Implications for practice

Notably, SA/PA was originally developed for use in acupuncture trials to determine the specific effects of needling. In clinical trials, procedures similar to real acupuncture may bias the results,27 and the sham or placebo control should be indistinguishable from the active treatment and yet be physiologically inert. Without meeting both criteria, it may not be appropriate to regard some procedures as sham or placebo controls within systematic reviews. While this review found evidence that SA/PA is more efficacious than routine care or waiting list in terms of pain relief at the end of the treatments, no evidence existed for improved function.
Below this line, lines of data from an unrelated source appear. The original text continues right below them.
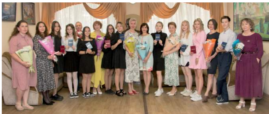
Торжественное вручение свидетельств об окончании ДШИ ЧГИК первым выпускникам. 9 июня 2023 г.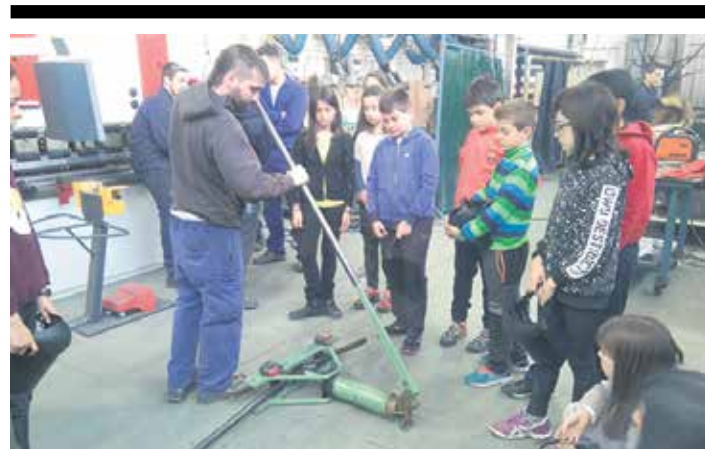
lazko ikasketa-zerbitzu proiektuan lantegia erakusten.

Dinamikatik herritar guztiak gonbidatu dituzte "gurekin batera bakearen eta elkarbizitzaren norantzan ekitera eta espainiar gobernuari urratsak determinazioz emateko, hitzetatik ekin-tzetara igarotzeko, eskatzera".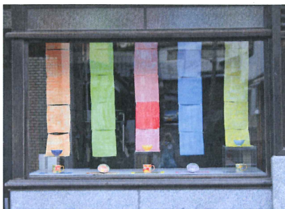
← ゲンポーの作品 タイトル「Colors」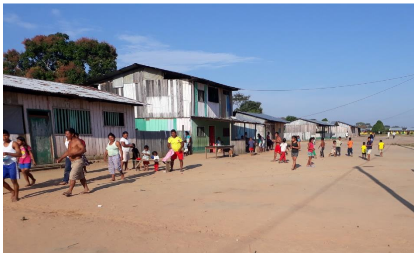
Arriba. Viviendas típicas calle principal Guaco bajo

A pesar de encontrarse en una zona considerada como violenta, en la actualidad, en el resguardo no hay vestigios de grupos armados al margen de la ley ni oficiales, a pesar de que estos grupos contrario a lo que muchos piensan generaban desarrollo económico en la región, además de mejores condiciones de vida para los habitantes, sin desconocer que algunas de estas actividades eran ilícitas.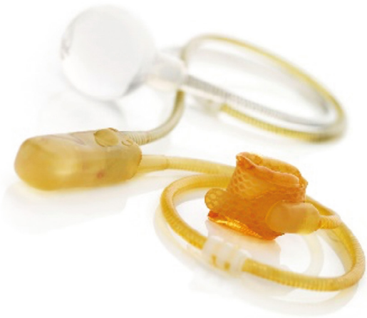
Artifizieller Sphinkter, AMS 800®

Der Eingriff wird unter Vollnarkose durchgeführt und der stationäre Aufenthalt dauert etwa 4–5 Tage.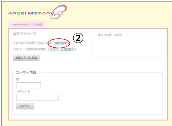
(ログイン画面イメージ)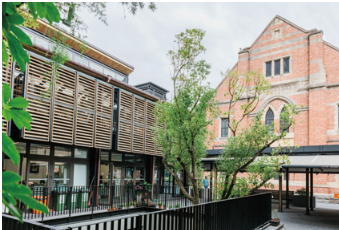
濟南教會的教堂本體和新建成的宣教中心，景觀呈現新舊交融的魅力。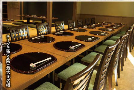
テーブル席(2階)最大16名様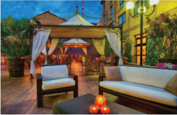
Leonardo Hotel Milan City Center

Leonardo's excellence, between business mind and bleisure soul. History of a growing group that loves Italy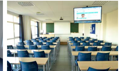
Aula de primer curso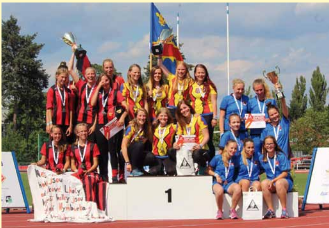
dorostenky MČR Zlín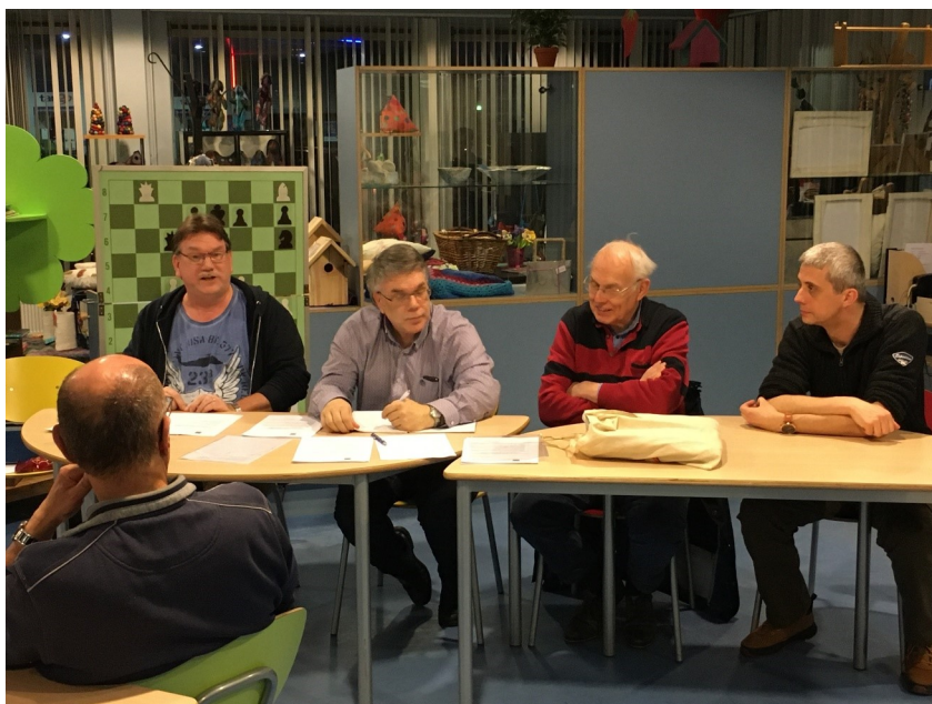
ALV 6 februari 2020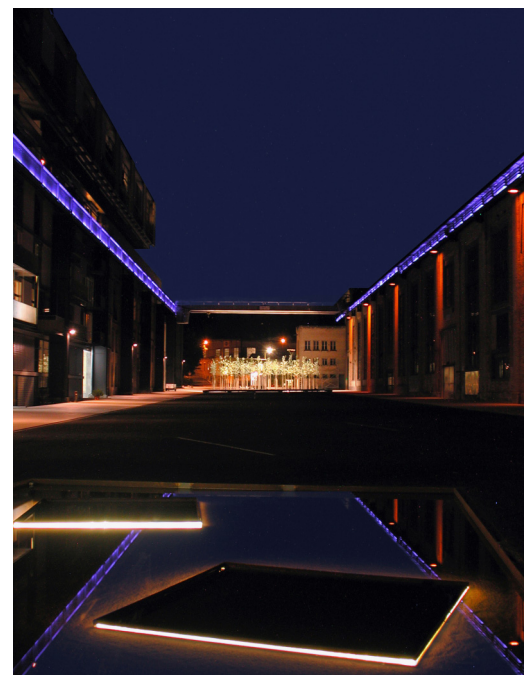
Katharina Sulzer-Platz, Sulzerareal Winterthur Stadt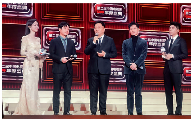
▲《狂飆》劇組主創人員。

2023年開年，《狂飆》先聲奪人，創央視電視劇頻道黃金時段五年以來收視新高，《三體》樹立了國產科幻劇的里程碑，而跨年大劇《繁花》更是映照出奔騰時代裏的赤子雄心，引起觀眾強烈共鳴。此外，《珠江人家》《潛行者》《驕陽伴我》《一路朝陽》等熱播劇表現不俗，受到觀眾好評。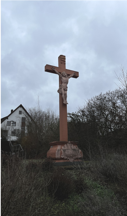
Missionskreuz in Leinach

Früh am Morgen des Karfreitags versammeln sich die Erlabrunner am Friedhof, um mit der KJG zusammen den Kreuzweg hinauf zum Käppele zu gehen. In Margetshöchheim trifft man sich in der Kirche und betrachtet dort die Stationen Jesu auf seinem letzten Weg. In Leinach und in Zell begleiten die Kinder Jesus nach Golgotha. Es ist eine alte Gebetsform gerade in der Fastenzeit, den Weg Jesu mitzugehen. Vielleicht ist es sogar mehr als ein Gebet.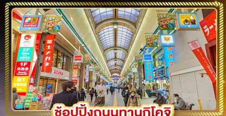
ช้อปปิ้งถนนทานุกุโจ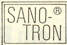
+ PATENT ANGEN.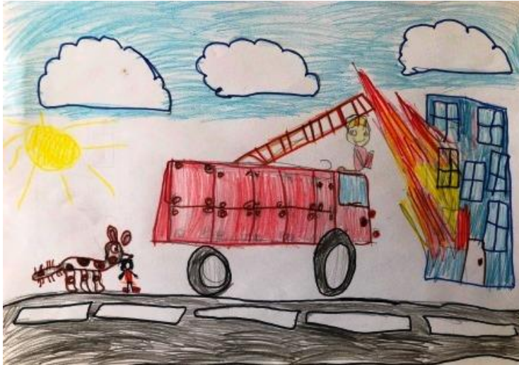
«Собака - спасатель на пожаре»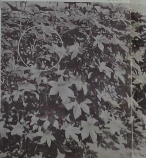
製精如。加精之精行噴以油麻收從子種此出。一第具。加子麻之若有種而用下製作可即。者之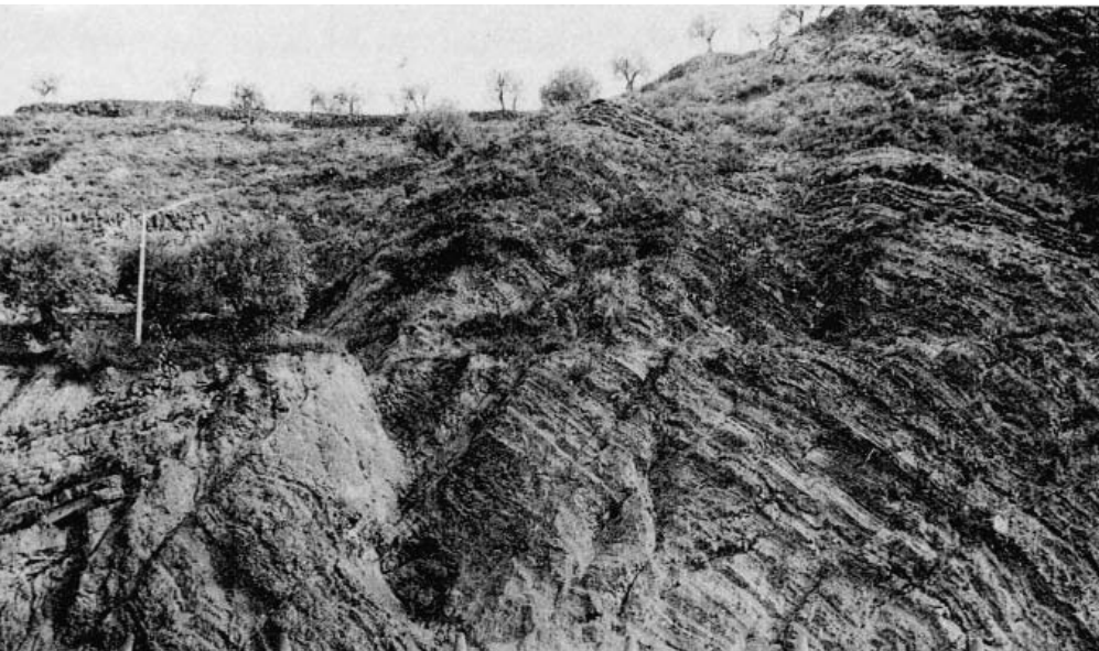
2. La falla de Mig-Món el 1926.

1722, on apareix com la Cabanassa 1 . Tornem a trobar el topònim els anys 1723, 1740, 1741, 1748 i 1752. El 1748 apareix com el raval del Cardener o de la Cabanassa 2 . En tots els casos apareix en la forma singular. A finals del segle XVIII el trobem ja en la forma plural. La primera documentació on apareix escrit com les Cabanasses és del 22 de gener de 1793, en un capbreu de Súria 3 . A partir de llavors gairebé sempre apareix en plural, tot i que, esporàdicament, podem trobar la forma singular, com passa l'any 1829 4 . És a partir de 1858 quan es comença la construcció de les primeres cases de l'actual barri de cal Trist, a la part inferior de la muntanya, a tocar la riera d'Hortons i molt a prop de la falla de Mig-Món.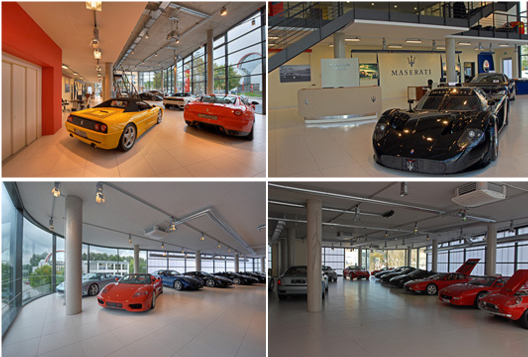
Text: Jan-Christian Richter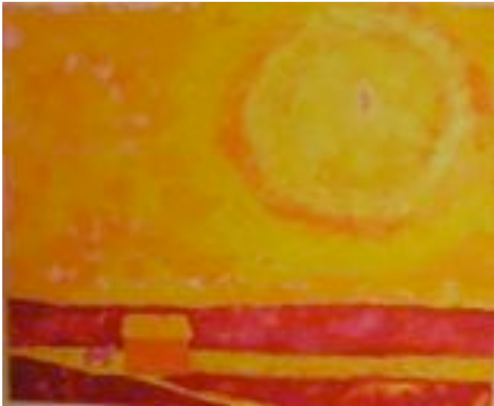
Kesä - Elämän hehku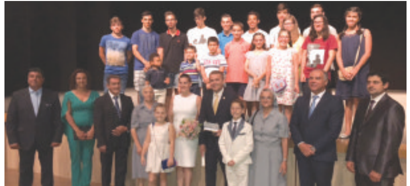
▶ Aspecto da cerimónia, vendo-se os vários convidados e crianças da Obra Social Madre Maria Clara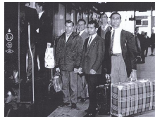
Emigrantes extremeños en Holanda

además de grabar sus iniciales "T.B." en el frente y poner un rólulo con su nombre. La maleta aún conserva parte de una papeleta de facturación de RENFE de la estación de Plasencia, y su interior había sido forrado con dos páginas del diario "La Voz de España" del 10 de Abril de 1976; este diario se editó en San Sebastián entre 1937 y 1980, y curiosamente las páginas conservadas son las que incluyen las ofertas de empleo.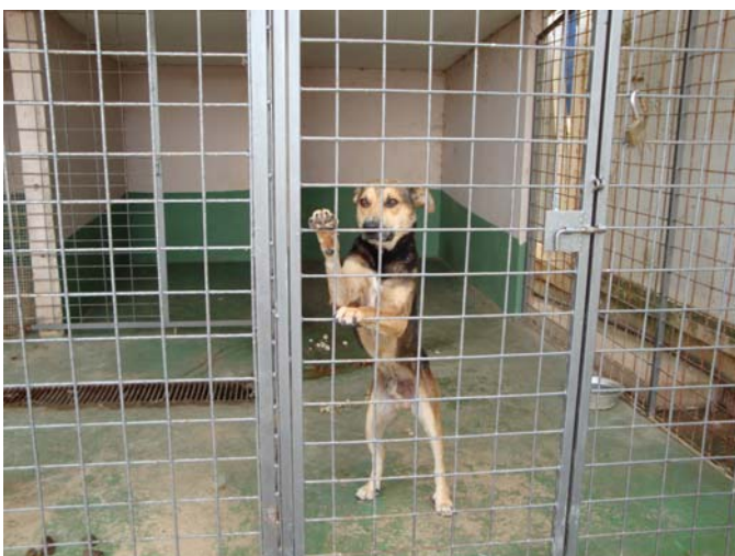
Er fand noch am gleichen Tag ein neues zuhause in Wien

Er hat auf der Insel Krk eine Pflegestelle gefunden. Als Auffangstation ist diese Anlage ganz i.O. Es fehlt all das, was den Tieren wohl tut, anständige Behandlung, hin und wieder etwas Auslauf, med. Versorgung, ein Platz aus Holz zum Liegen und vernünftiges Futter. Als TH ist sie völlig ungeeignet.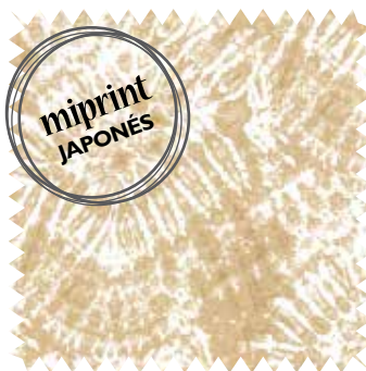
Shabori. Inspirado en esta técnica japonesa de teñido, lino de la colección Adire, de Alhambra; en 2,90 m/ancho (71,5 €/m).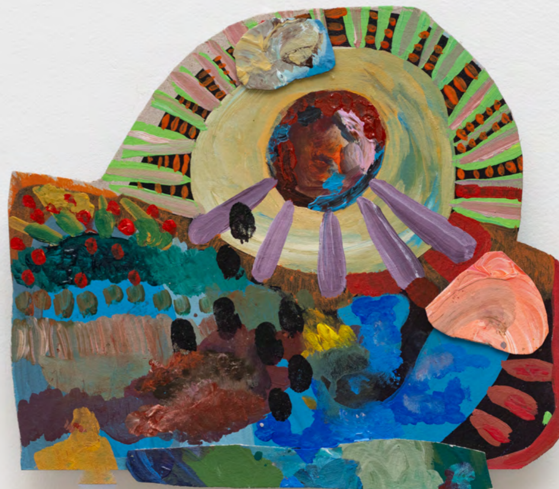
SARA RAMO Volúpia Astral, 2024 Acrílico e pastel oleoso sobre colagem [Acrylic, oil pastel and plastic bag on cardboard] 27.5 x 31.5 x 2 cm [10.8 x 12.4 x 0.7 in]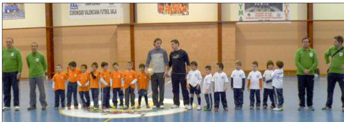
En la final de la categoría Querubín se enfrentaron los Leopards (camiseta blanca) contra los Cocodrilos

Additionally, variations of acupuncture must be considered. Based on TCM theory, all acupuncture procedures (e.g., points used, method of stimulation, and number of treatment sessions) must be performed according to individual differences; thus, acupuncture modalities vary among studies and are difficult to master and unify.28 Therefore, studies that examine the specific sham or placebo techniques used, including needle placement, needle insertion, acupuncture points or non-acupuncture points or nonspecific acupuncture points, and the acupuncturists’ experience are required, so as to differ distinguish from the real acupuncture. Furthermore, future research should focus on the standardization of outcome measures and the duration and frequency of sessions.

Besides, because acupuncture functions as a somatosensory-guided mind-body therapy, SA/PA could similarly enhance bodily sensations around the treatment site and induce potential effects related to endogenous pain modulation in the brain.27–29

Thus, we should avoid prematurely concluding that SA/PA is appropriate for acupuncture research. Moreover, guidelines should be developed to assess acupuncture sham– placebo control methods to address the specific effect of acupuncture over placebo.

Implications for research

To provide homogeneous information for future reviews, trial authors are encouraged to use the Consolidated Standards of Reporting Trials (CONSORT) statement as a model for reporting their trials (www.consort-statement.org) and the Standards for Reporting Interventions in Clinical Trials of Acupuncture (STRICTA) criteria30 to report the interventions. From the available trials we included in this meta-analysis, superficial stimulation appears a more promising treatment for LBP than routine care in relieving pain post-intervention. Further studies to assess the superiority of SA/PA are required, as are those with larger sample sizes and those that assess the role of session length by including two (or more) levels of this variable; moreover, the experience of the therapist should also be considered by including practitioners with different levels of experience and training.